В тот же год зимой умер его 59-летний отец. Хоронили его в прекрасный погожий день, вокруг золотистым блеском сверкал снег. Закатав штаны и надев соломенные сандалии, он вышел из дома и пошел, увязая в снегу, к храму, стоявшему на вершине горы. Сзади на паланкине несли гроб с телом отца. За гробом, пряча лица под белыми вуалями, шли его младшие сестры. Похоронная процессия вытянулась на дороге длинной и нестройной цепью.
После смерти отца его жизнь изменилась. Он должен был продолжать его дело, упрочивать славу своего имени.

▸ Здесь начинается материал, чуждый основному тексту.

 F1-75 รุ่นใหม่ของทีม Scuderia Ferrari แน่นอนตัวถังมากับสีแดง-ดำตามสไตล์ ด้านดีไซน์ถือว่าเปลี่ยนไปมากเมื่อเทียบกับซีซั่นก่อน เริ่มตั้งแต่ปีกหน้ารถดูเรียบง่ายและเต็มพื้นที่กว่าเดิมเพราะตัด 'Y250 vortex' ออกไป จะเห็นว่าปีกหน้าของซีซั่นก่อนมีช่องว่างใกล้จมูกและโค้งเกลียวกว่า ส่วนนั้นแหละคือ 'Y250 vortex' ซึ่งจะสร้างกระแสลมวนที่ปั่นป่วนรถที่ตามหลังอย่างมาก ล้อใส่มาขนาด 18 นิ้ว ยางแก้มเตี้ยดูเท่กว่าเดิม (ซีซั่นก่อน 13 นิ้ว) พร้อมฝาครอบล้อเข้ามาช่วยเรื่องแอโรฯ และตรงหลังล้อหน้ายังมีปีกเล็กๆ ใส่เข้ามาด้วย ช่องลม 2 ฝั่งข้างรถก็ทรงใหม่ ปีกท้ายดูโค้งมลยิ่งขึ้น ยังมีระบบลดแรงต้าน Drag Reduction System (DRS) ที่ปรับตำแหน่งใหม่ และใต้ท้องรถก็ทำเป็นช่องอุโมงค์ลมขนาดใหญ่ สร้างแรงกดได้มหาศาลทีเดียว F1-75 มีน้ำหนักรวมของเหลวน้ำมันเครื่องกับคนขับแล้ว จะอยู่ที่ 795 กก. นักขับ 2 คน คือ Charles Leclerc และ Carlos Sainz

Сначала это занимало его. Он задумал было реорганизовать фабрику, но отказался от этой мысли, поняв, что это будет ему стоить. Постепенно он примирился с тем, что все идет помимо его воли, и передал дела управляющему. Начало его эры в доме ознаменовалось небольшими переменами: он снял портрет деда в европейской гостиной и повесил вместо него написанные маслом маки, а над сохранившимися еще черными железными воротами зажег французский фонарь.
Все остальное осталось на своих местах. Перемены приходили извне. Шло второе лето после смерти отца, когда что-то непонятное произошло с городским банком. Угроза банкротства стала вполне ощутимой. С большим трудом ему удалось спастись. Но тут управляющий начал реорганизацию фабрики, вызвав этим недовольство служащих. Ему показалось, что наконец наступил тот миг, которого он давно боялся. «Выполните их требования», — приказал он управляющему, и в голосе его звучало скорее раздражение, чем тревога. «Да, я дам вам то, чего вы просите. Но не больше. Довольны?» — думал он про себя. Кое-какие реформы все-таки были проведены.

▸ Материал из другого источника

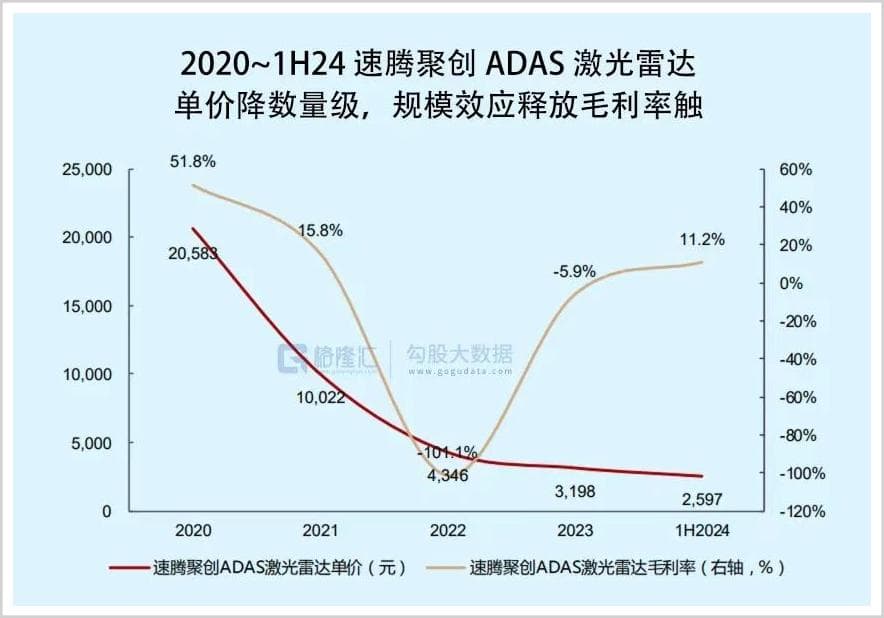 2022年之后,速腾聚创产品价格持续下探,但毛利率水平是持续向上修复的,到2024年彻底转正,并从一季度的12.3%逐季提升至三季度的17.5%。
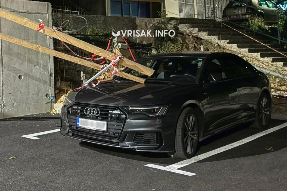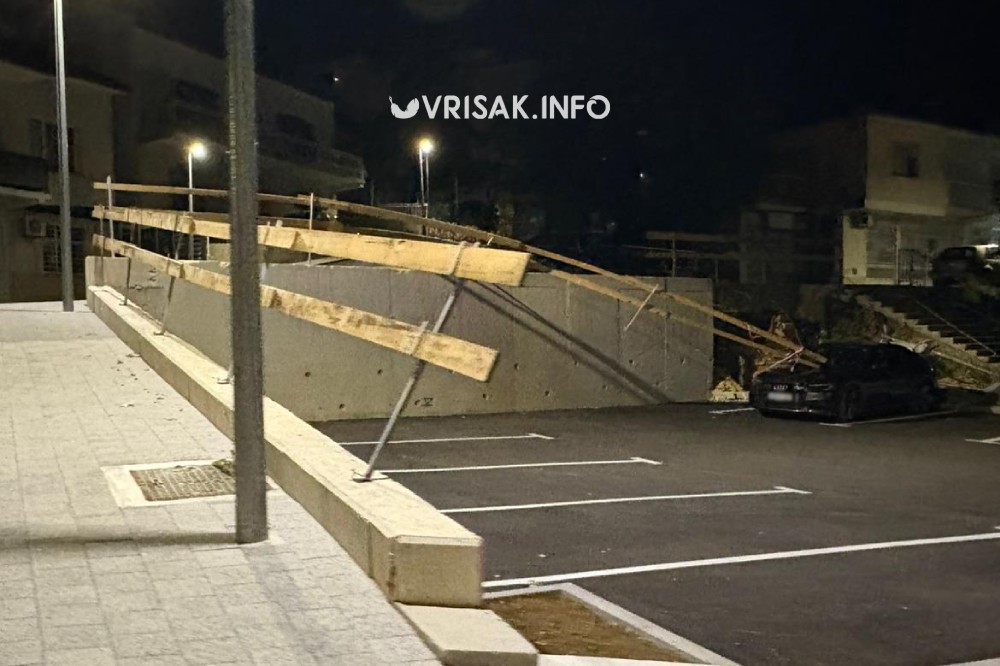 Prema dojavi čitatelja portala Vrisak.info, vjetar je srušio improviziranu zaštitnu ogradu, koja je pala na parkirani automobil marke Audi.
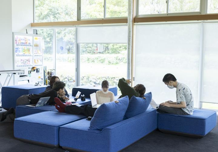 学生たちの生活・活動の場は、大きく2つ。1つは、主に生活を送る「HOME」で、寮のほか食堂や図書館などもある。もう1つは、主に学習やプロジェクト活動の場となる「OFFICE」。講演会やイベントも行える大講義室や学生が自由に過ごせるホワイエなど、空間設計にも工夫がされている。
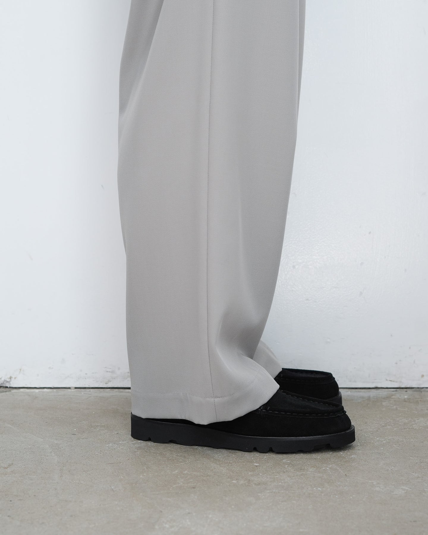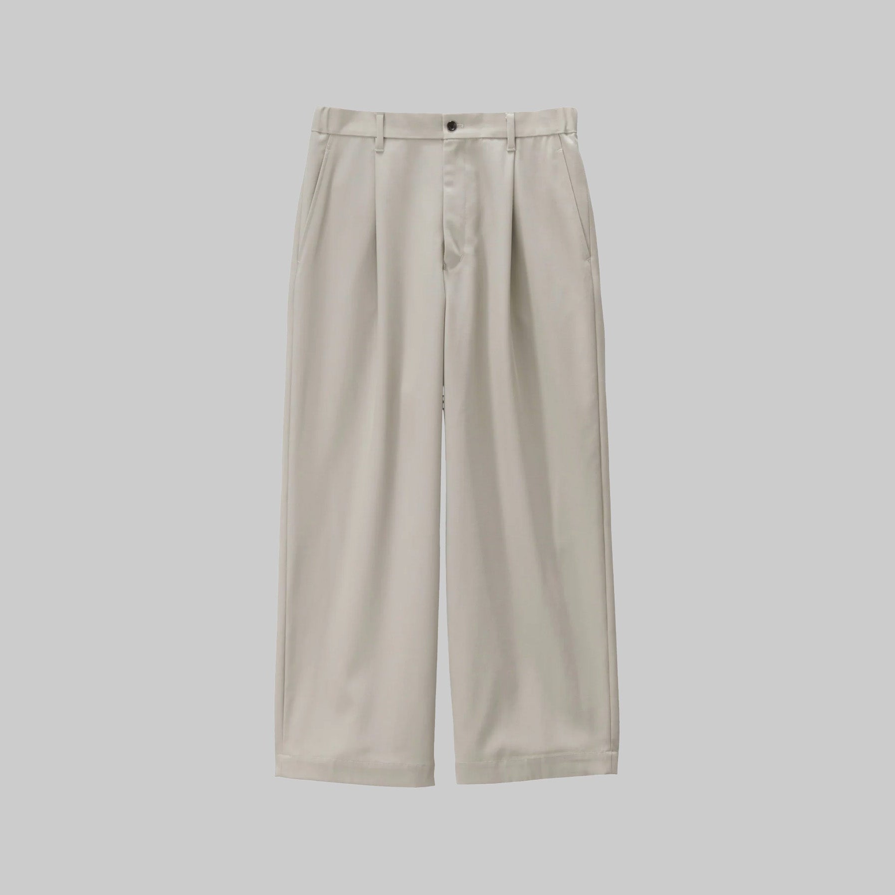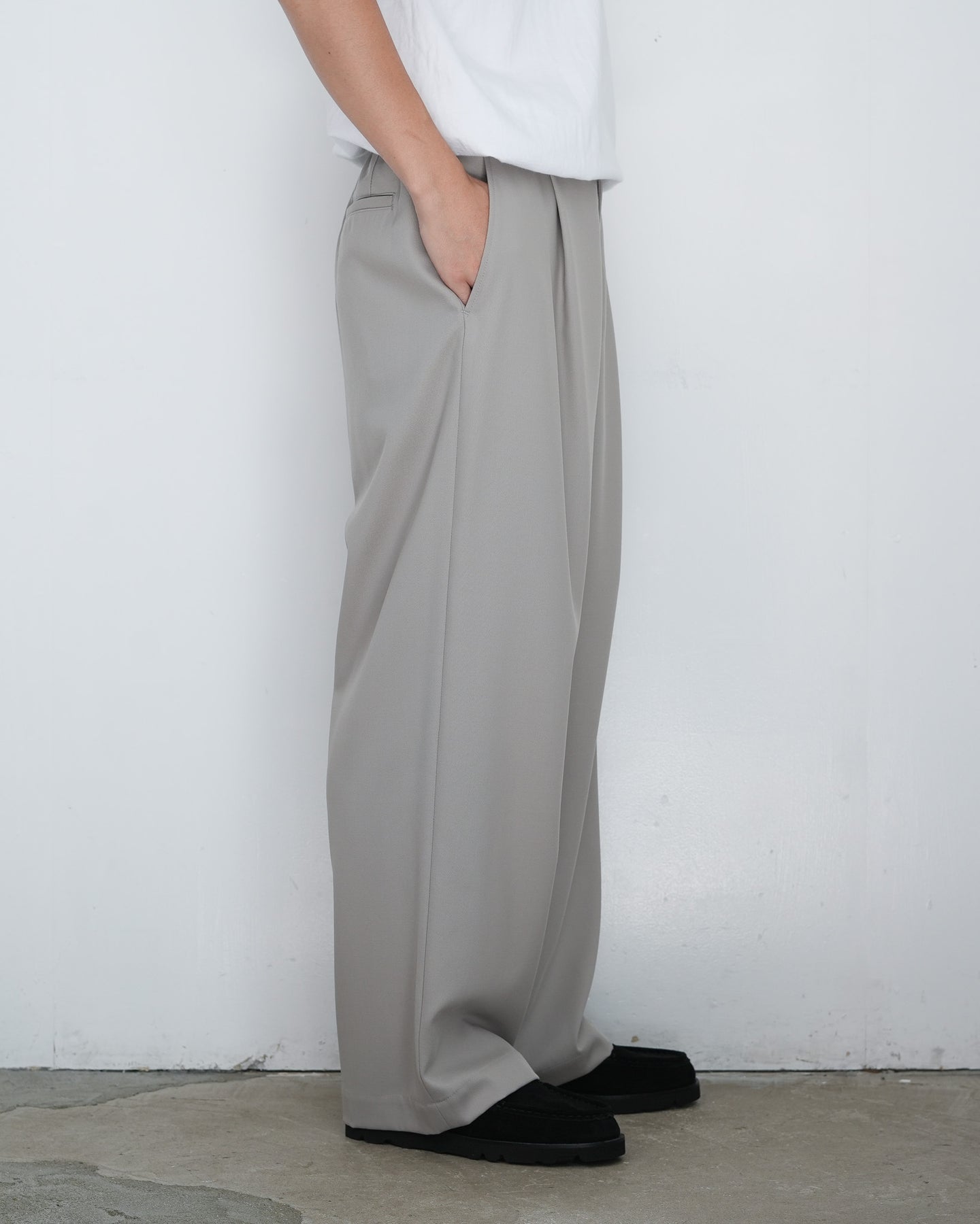 ゆったりとしたテーパードシルエットに、後ろウエストゴムで快適さを加えたトラウザー。ウール本来の風合いと、ナイロンの形態安定性・耐久性を両立させたハイブリッドギャバジンを使用。ドライなタッチと毛羽立ちにくい素材感で、無骨さと洗練を両立したイージーケアな一着。
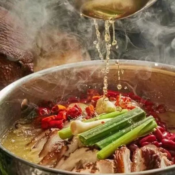 图源于@三姨妈小肠火锅筒子骨加鸡架,吊出高汤,打结的小肠吸满汤汁,蘸上特制糊辣椒,口口都是爆汁体验。
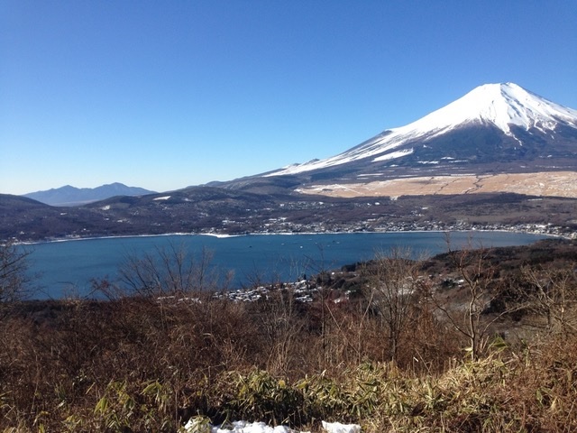 二ツ塚、奥には愛鷹山が見えます。眼下には山中湖が横たわり、凍った湖面には小舟がいくつか浮いていま

С некоторого времени он полюбил ходить в храм. Храм сверкал оцинкованной крышей совсем рядом, на северном склоне горы. Он сблизился с настоятелем. Это был маленький тщедушный старичок, совсем дряхлый и давно уже выживший из ума. Мочка его правого уха была когда-то разорвана, и на месте раны остался черный шрам, придававший лицу что-то зловещее.
Он ходил в храм даже в изнуряюще знойные летние дни. Медленно поднимался по длинной каменной лестнице, шаркая ногами. Вокруг кельи настоятеля буйствовали летние травы, цвели петушиные гребешки. Днем старик обычно дремал. Он окликал его, приблизившись к келье. Иногда с крыльца срывалась ящерица и, взмахнув зеленым хвостом, исчезала.

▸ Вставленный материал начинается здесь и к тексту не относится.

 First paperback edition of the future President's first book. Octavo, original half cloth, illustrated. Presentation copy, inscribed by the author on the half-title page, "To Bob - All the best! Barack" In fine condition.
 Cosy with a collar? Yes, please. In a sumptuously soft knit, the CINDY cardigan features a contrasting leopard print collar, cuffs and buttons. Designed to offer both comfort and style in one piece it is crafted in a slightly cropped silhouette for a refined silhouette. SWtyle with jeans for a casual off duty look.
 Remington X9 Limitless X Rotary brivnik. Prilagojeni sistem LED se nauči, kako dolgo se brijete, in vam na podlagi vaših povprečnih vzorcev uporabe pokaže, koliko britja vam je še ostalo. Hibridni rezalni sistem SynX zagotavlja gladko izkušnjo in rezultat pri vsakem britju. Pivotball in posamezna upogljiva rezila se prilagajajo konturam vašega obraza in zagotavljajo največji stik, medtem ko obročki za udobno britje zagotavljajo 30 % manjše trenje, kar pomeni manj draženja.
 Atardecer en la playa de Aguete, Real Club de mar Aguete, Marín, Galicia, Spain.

Он расспрашивал настоятеля о смысле священных сутр. Но тот ничего не мог объяснить. Бормоча что-то невнятное, заливался веселым смехом. Он тоже смеялся. Ему было хорошо. Однажды он попросил настоятеля рассказать о привидениях. И услышал около десяти страшных историй — настоятель поведал их одну за другой своим дрожащим голосом. А когда он поинтересовался, нет ли привидений в этом храме, настоятель замахал руками: «Куда там…»
Прошел еще один год — и умерла его мать. После смерти отца она робела перед сыном. Видно, постоянный страх и сократил срок ее жизни. Когда умерла мать, он перестал ходить в храм. Теперь, когда ее не стало, он осознал — посещение храма до некоторой степени заменяло ему служение матери.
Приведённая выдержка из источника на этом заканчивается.